Peroxisomes are cytoplasmic microbodies (0.1-1.5 µm), similar in structure to lysosomes, but differ from them in that their matrix contains crystal-like structures, and among the enzyme proteins there is catalase, which destroys hydrogen peroxide formed during oxidation amino acids.

Endoplasmic reticulum (ER) , or endoplasmic reticulum (ER), is a system consisting of membrane cisterns, channels and vesicles. About half of all cell membranes are located in the ER.

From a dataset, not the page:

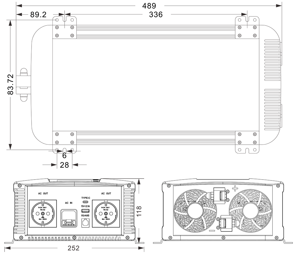 Inni Wymiary (szer. × wys. × gł.) 489×252×118mmmm
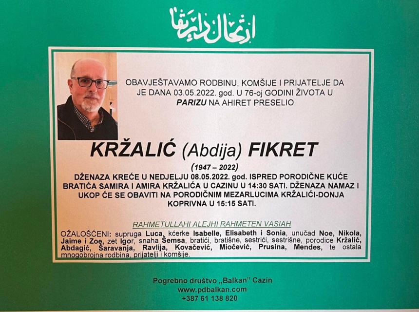Tužnog srca i s bolom u duši obavještavamo rodbinu, komšije i prijatelje da je naš dragi Kržalić (Abdija) Fikret u 76. godini života preselio na Ahiret.

Morphofunctionally, the EPS is differentiated into 3 sections: rough (granular), smooth (agranular) and intermediate. The granular ER contains ribosomes (PC), while the smooth and intermediate ER lack them. The granular ER is mainly represented by cisterns, while the smooth and intermediate ER is mainly represented by channels. The membranes of tanks, channels and bubbles can pass into each other. ER contains a semi-liquid matrix characterized by a special chemical composition.

ER functions:

• compartmentalization;
• synthetic;
• transport;
• detoxification;
• regulation of calcium ion concentration.

Compartmentalization function associated with the division of cells into compartments (compartments) using ER membranes. Such division makes it possible to isolate part of the contents of the cytoplasm from the hyaloplasm and allows the cell to isolate and localize certain processes, as well as make them occur more efficiently and in a directed manner.

Synthetic function. Almost all lipids are synthesized on the smooth ER, with the exception of two mitochondrial lipids, the synthesis of which occurs in the mitochondria themselves. Cholesterol is synthesized on the membranes of the smooth ER (in humans, up to 1 g per day, mainly in the liver; with liver damage, the amount of cholesterol in the blood drops, the shape and function of red blood cells change, and anemia develops).
Protein synthesis occurs on the rough ER:

• internal phase of the ER, Golgi complex, lysosomes, mitochondria;
• secretory proteins, for example hormones, immunoglobulins;
• membrane proteins.

Protein synthesis begins on free ribosomes in the cytosol. After chemical transformations, proteins are packaged into membrane vesicles, which are detached from the ER and transported to other areas of the cell, for example, to the Golgi complex.
Proteins synthesized in the ER can be divided into two streams:

• internal ones, which remain in the ER;
• external ones that do not remain in the ER.

Internal proteins, in turn, can also be divided into two streams:

• residents who do not leave the Republic of Estonia;
• transit, leaving the Republic of Estonia.

Happens in the ER detoxification of harmful substances that have entered the cell or formed in the cell itself. Most harmful substances are
hydrophobic substances, which therefore cannot be excreted from the body in urine. The ER membranes contain a protein called cytochrome P450, which converts hydrophobic substances into hydrophilic ones, and after that they are removed from the body in the urine.